▶ **Directions**
In the data below, begin at the line with "Bu Like Rainbow" and stop after the line with "सफ़ेद कढ़ाई वाला"; output those lines exactly and no pictures.

[[ Dataset content open ]]

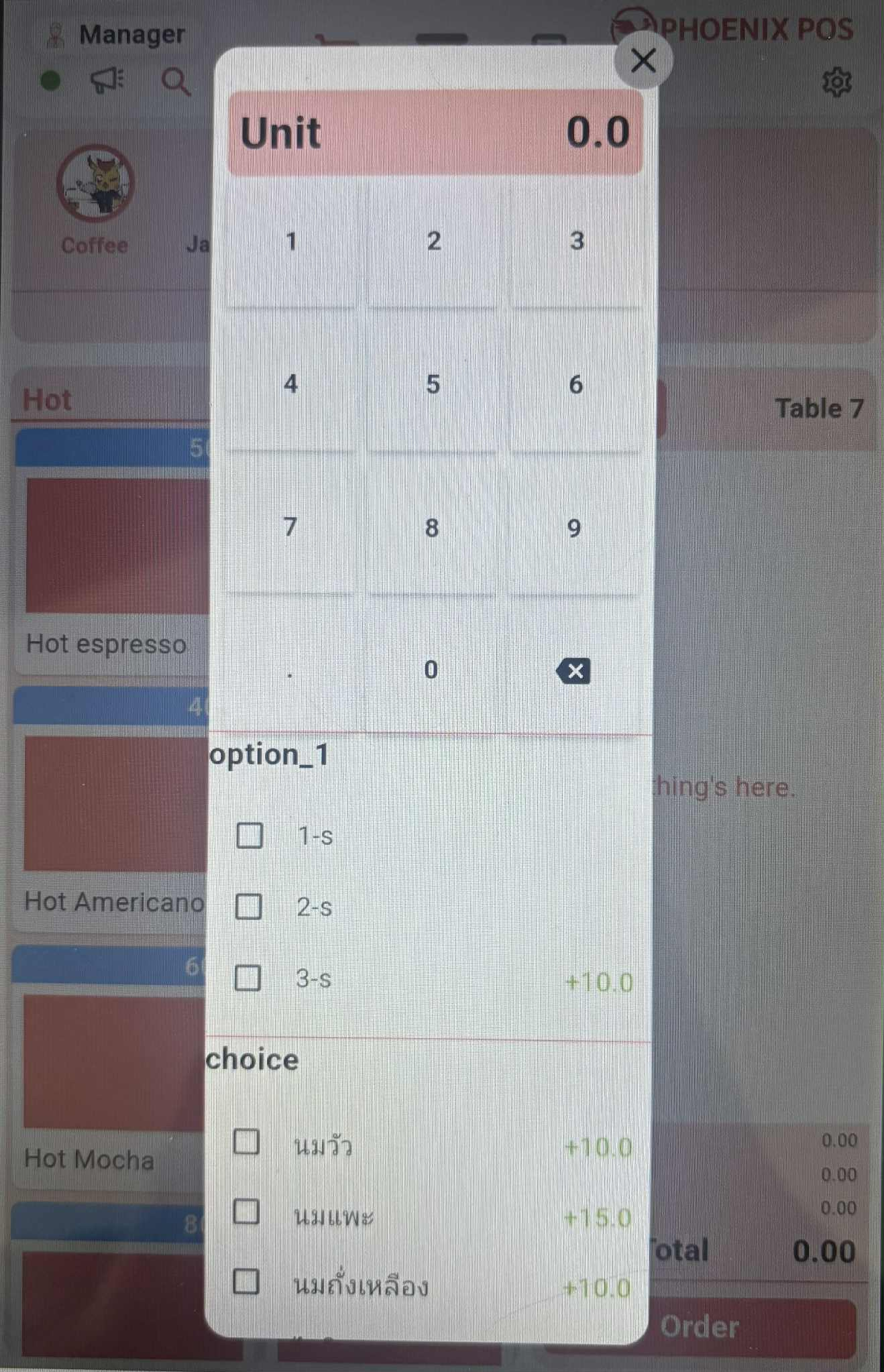 - หาก Menu มี Option ให้เลือก Option ที่ลูกค้าต้องการ แล้วกด Confirm
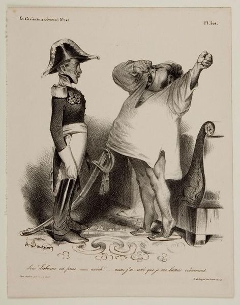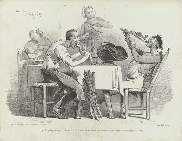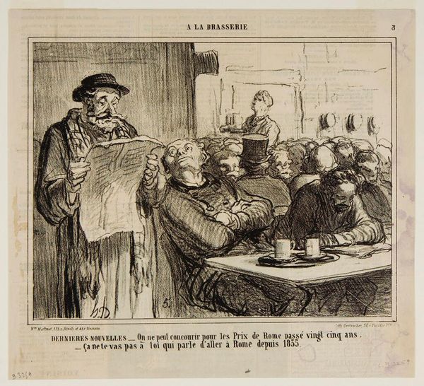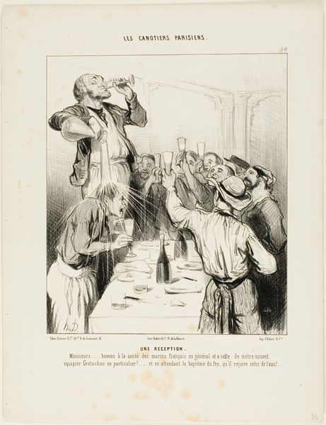 Curator: This is Honoré Daumier’s lithograph, "187th Toast: 'To the national guard of Astrakhan!'" Editor: Woah, total chaos! It feels like a drunken brawl masquerading as a patriotic celebration. I can almost smell the cheap wine and hear the boisterous shouting. Curator: Indeed, Daumier uses caricature to satirize the political climate of 19th-century France. The excessive toasting suggests empty rhetoric and the absurdity of power. Editor: Look at the guy slumped in his chair! Is he bored, disillusioned, or just plain drunk? It's like Daumier's poking fun at the whole idea of blind patriotism. Curator: Exactly, the print comments on the performative nature of nationalistic fervor and the social hierarchies inherent in such displays. Editor: It’s like he's saying, "Here we go again," another toast, another speech, another empty promise. I wonder what the 1st through 186th toasts were about? Curator: Considering Daumier's focus on social critique, we can surmise that previous toasts likely involved similar satirical undertones. Editor: Well, I know I'll never look at a toast the same way again. Thanks, Daumier, for keeping it real. Curator: A potent reminder of the artist’s commitment to social commentary.
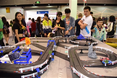 展会中的意念赛车模型引围观。 通讯员 毛旭倩 |
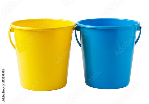 Isolated Png Two Plastic Buckets Blue and Yellow Containers for Housework
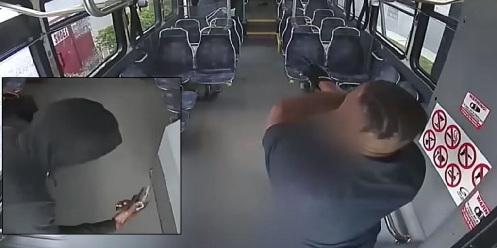 Transit authorities said a dispute over a missed stop on a bus led to a terrifying shootout between the driver and passenger and it was all captured on security video.
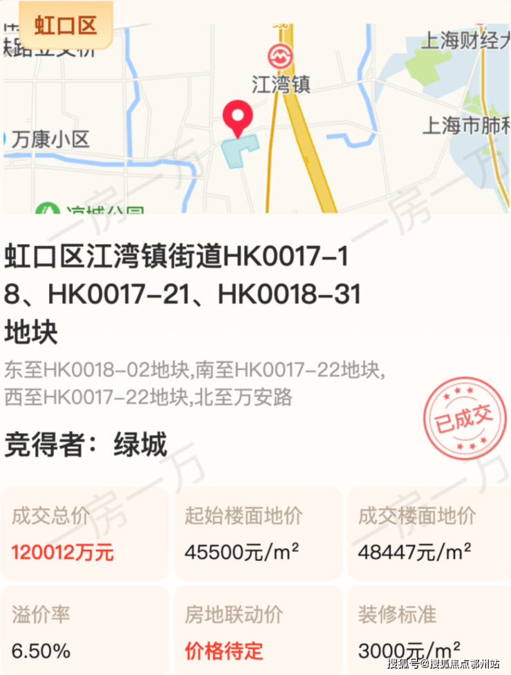其中, 虹口江湾地块容积率2.25-2.5,溢价率6.48%,楼板价48447元/㎡,装修标准不低于3000元/㎡。
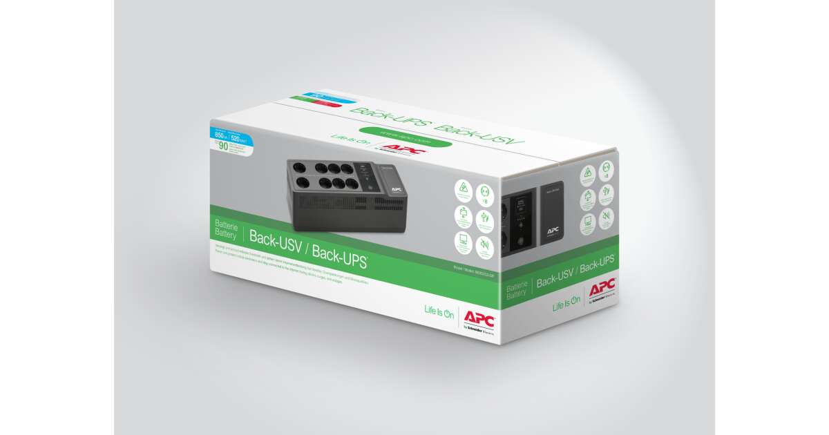 Apc back-ups be850g2-g (es) (2+6 schuko) 850va (520 w) 230v power-saving offline uninterruptible power supply, usb+usb-c BE850G2-GR shopping:
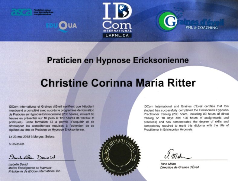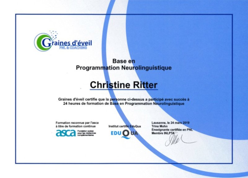 J'ai suivi ma formation en hypnose et PNL chez "Graines d'éveil" avec Trina Mohn et Isabelle David.
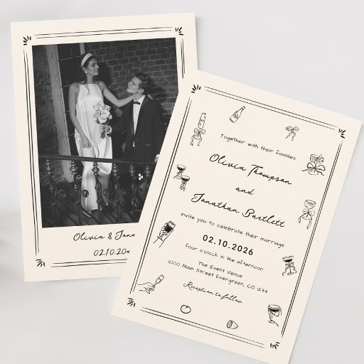 Cartão de Casamento Preto e Branco Desenhado à Mão
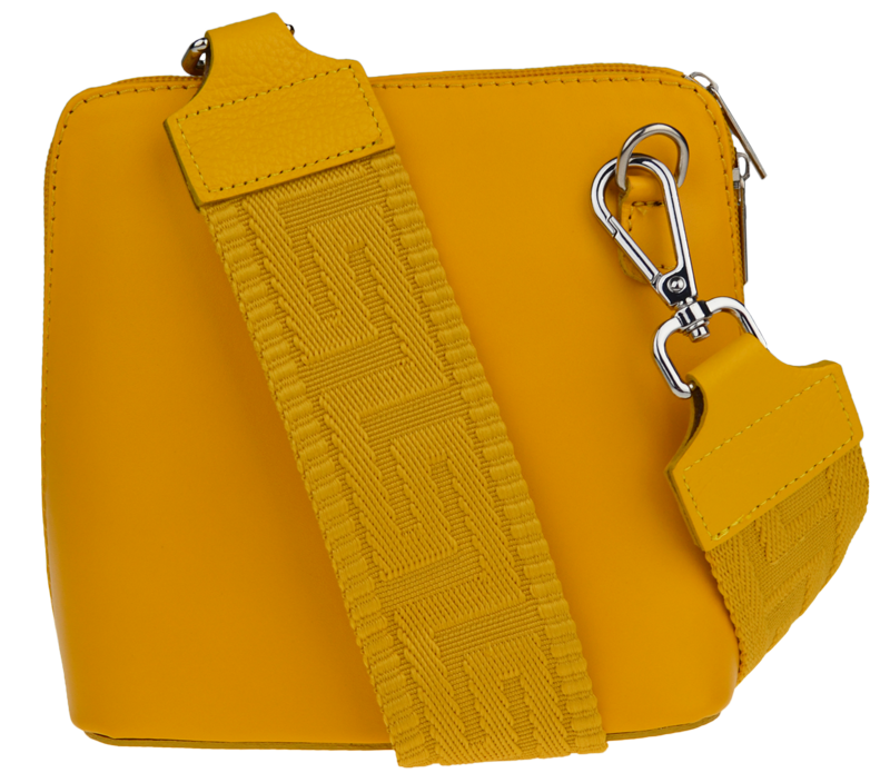 Elegantní, ale zároveň velmi praktická žlutá kabelka malých rozměrů vyrobena z pravé kůže. Díky tenkému pásku je nositelná přes rameno. Zip, kterým se uzavírá, vede po hraně kabelky až po spodní okraj na obou stranách, a proto je její vnitřek dobře dostupný. Na vnější zadní straně najdete na kabelce malou kapsu na zip a uvnitř dělí celý prostor na dvě části příčka, která současně slouží jako kapsa na zip. Hloubka jejího dna je 8 cm. Délka přídavného popruhu je cca 120 cm.
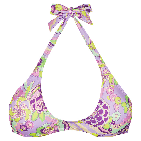 Bu Like Rainbow Flowers yuvarlak yakalı kadın bikini üstü üzerindeki harika desenlerle dikkat çekiyor. Bu minimalist bkini üstü boyunda ve arkada bağlanır ve tasarımı sayesinde boyun çizgisini uzatır.
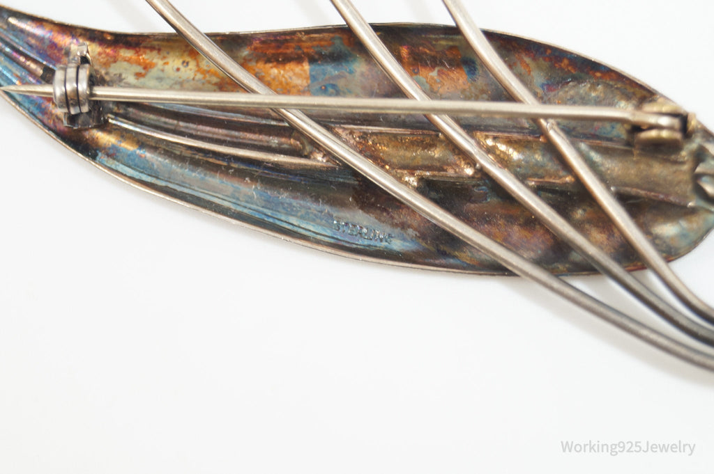 Large Vintage Modern Flowers Rhinestone Sterling Silver Brooch Pin
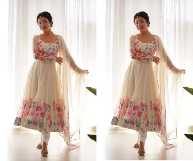 सफ़ेद कढ़ाई वाला योक प्योर मुलायम ऑर्गेना अनारकली सूट काफी यूनिक और लेटेस्ट ट्रेंड के अनुसार काफी ज्यादा चल रहा है। इस सूट के बाजू पर, नेक के एरिया पर और बॉर्डर पर फ्लोरल प्रिटिंग की गई है, जो सूट को इंहैंस लुक देती है।
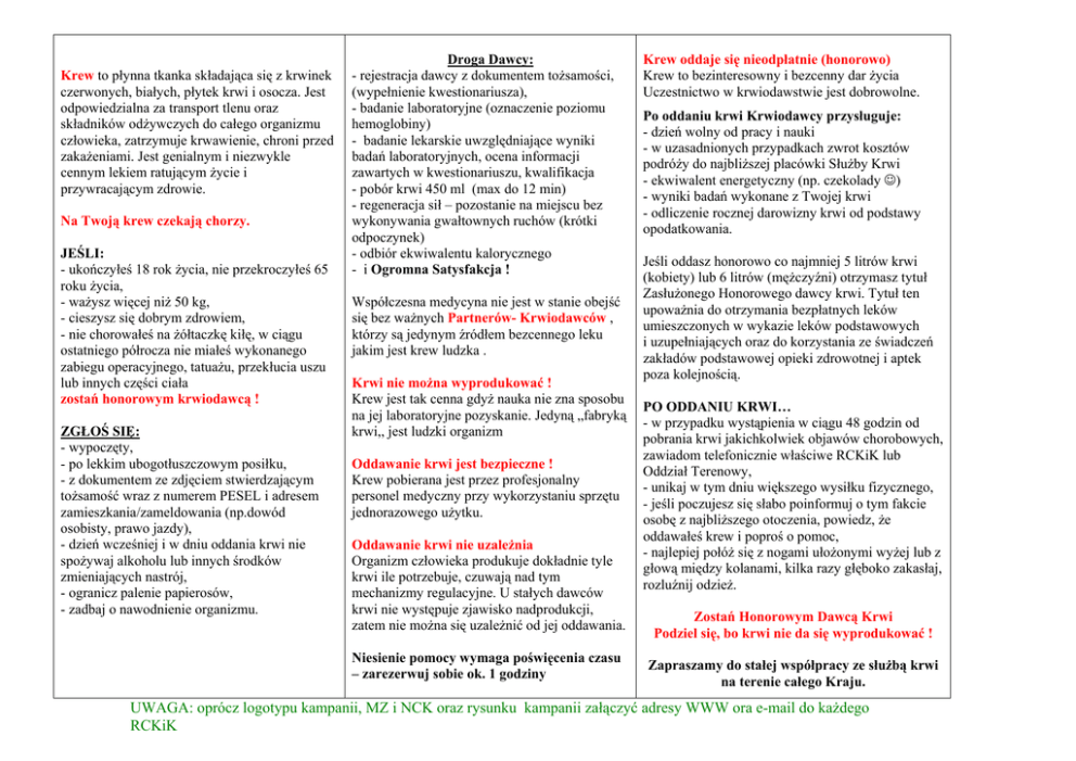 Krew to płynna tkanka składająca się z krwinek czerwonych, białych, płytek krwi i osocza. Jest odpowiedzialna za transport tlenu oraz składników odżywczych do całego organizmu człowieka, zatrzymuje krwawienie, chroni przed zakażeniami. Jest genialnym i niezwykle cennym lekiem ratującym życie i przywracającym zdrowie. Na Twoją krew czekają chorzy. JEŚLI: - ukończyłeś 18 rok życia, nie przekroczyłeś 65 roku życia, - ważysz więcej niż 50 kg, - cieszysz się dobrym zdrowiem, - nie chorowałeś na żółtaczkę kiłę, w ciągu ostatniego półrocza nie miałeś wykonanego zabiegu operacyjnego, tatuażu, przekłucia uszu lub innych części ciała zostań honorowym krwiodawcą ! ZGŁOŚ SIĘ: - wypoczęty, - po lekkim ubogotłuszczowym posiłku, - z dokumentem ze zdjęciem stwierdzającym tożsamość wraz z numerem PESEL i adresem zamieszkania/zameldowania (np.dowód osobisty, prawo jazdy), - dzień wcześniej i w dniu oddania krwi nie spożywaj alkoholu lub innych środków zmieniających nastrój, - ogranicz palenie papierosów, - zadbaj o nawodnienie organizmu. Droga Dawcy: - rejestracja dawcy z dokumentem tożsamości, (wypełnienie kwestionariusza), - badanie laboratoryjne (oznaczenie poziomu hemoglobiny) - badanie lekarskie uwzględniające wyniki badań laboratoryjnych, ocena informacji zawartych w kwestionariuszu, kwalifikacja - pobór krwi 450 ml (max do 12 min) - regeneracja sił – pozostanie na miejscu bez wykonywania gwałtownych ruchów (krótki odpoczynek) - odbiór ekwiwalentu kalorycznego - i Ogromna Satysfakcja ! Współczesna medycyna nie jest w stanie obejść się bez ważnych Partnerów- Krwiodawców , którzy są jedynym źródłem bezcennego leku jakim jest krew ludzka . Krwi nie można wyprodukować ! Krew jest tak cenna gdyż nauka nie zna sposobu na jej laboratoryjne pozyskanie. Jedyną „fabryką krwi,, jest ludzki organizm Oddawanie krwi jest bezpieczne ! Krew pobierana jest przez profesjonalny personel medyczny przy wykorzystaniu sprzętu jednorazowego użytku. Oddawanie krwi nie uzależnia Organizm człowieka produkuje dokładnie tyle krwi ile potrzebuje, czuwają nad tym mechanizmy regulacyjne. U stałych dawców krwi nie występuje zjawisko nadprodukcji, zatem nie można się uzależnić od jej oddawania. Niesienie pomocy wymaga poświęcenia czasu – zarezerwuj sobie ok. 1 godziny Krew oddaje się nieodpłatnie (honorowo) Krew to bezinteresowny i bezcenny dar życia Uczestnictwo w krwiodawstwie jest dobrowolne. Po oddaniu krwi Krwiodawcy przysługuje: - dzień wolny od pracy i nauki - w uzasadnionych przypadkach zwrot kosztów podróży do najbliższej placówki Służby Krwi - ekwiwalent energetyczny (np. czekolady ☺) - wyniki badań wykonane z Twojej krwi - odliczenie rocznej darowizny krwi od podstawy opodatkowania. Jeśli oddasz honorowo co najmniej 5 litrów krwi (kobiety) lub 6 litrów (mężczyźni) otrzymasz tytuł Zasłużonego Honorowego dawcy krwi. Tytuł ten upoważnia do otrzymania bezpłatnych leków umieszczonych w wykazie leków podstawowych i uzupełniających oraz do korzystania ze świadczeń zakładów podstawowej opieki zdrowotnej i aptek poza kolejnością. PO ODDANIU KRWI… - w przypadku wystąpienia w ciągu 48 godzin od pobrania krwi jakichkolwiek objawów chorobowych, zawiadom telefonicznie właściwe RCKiK lub Oddział Terenowy, - unikaj w tym dniu większego wysiłku fizycznego, - jeśli poczujesz się słabo poinformuj o tym fakcie osobę z najbliższego otoczenia, powiedz, że oddawałeś krew i poproś o pomoc, - najlepiej połóż się z nogami ułożonymi wyżej lub z głową między kolanami, kilka razy głęboko zakasłaj, rozluźnij odzież. Zostań Honorowym Dawcą Krwi Podziel się, bo krwi nie da się wyprodukować ! Zapraszamy do stałej współpracy ze służbą krwi na terenie całego Kraju. UWAGA: oprócz logotypu kampanii, MZ i NCK oraz rysunku kampanii załączyć adresy WWW ora e-mail do każdego RCKiK

[[ Dataset content closed ]]

▶ **Answer section**
 Bu Like Rainbow Flowers yuvarlak yakalı kadın bikini üstü üzerindeki harika desenlerle dikkat çekiyor. Bu minimalist bkini üstü boyunda ve arkada bağlanır ve tasarımı sayesinde boyun çizgisini uzatır.
 Large Vintage Modern Flowers Rhinestone Sterling Silver Brooch Pin
 सफ़ेद कढ़ाई वाला योक प्योर मुलायम ऑर्गेना अनारकली सूट काफी यूनिक और लेटेस्ट ट्रेंड के अनुसार काफी ज्यादा चल रहा है। इस सूट के बाजू पर, नेक के एरिया पर और बॉर्डर पर फ्लोरल प्रिटिंग की गई है, जो सूट को इंहैंस लुक देती है।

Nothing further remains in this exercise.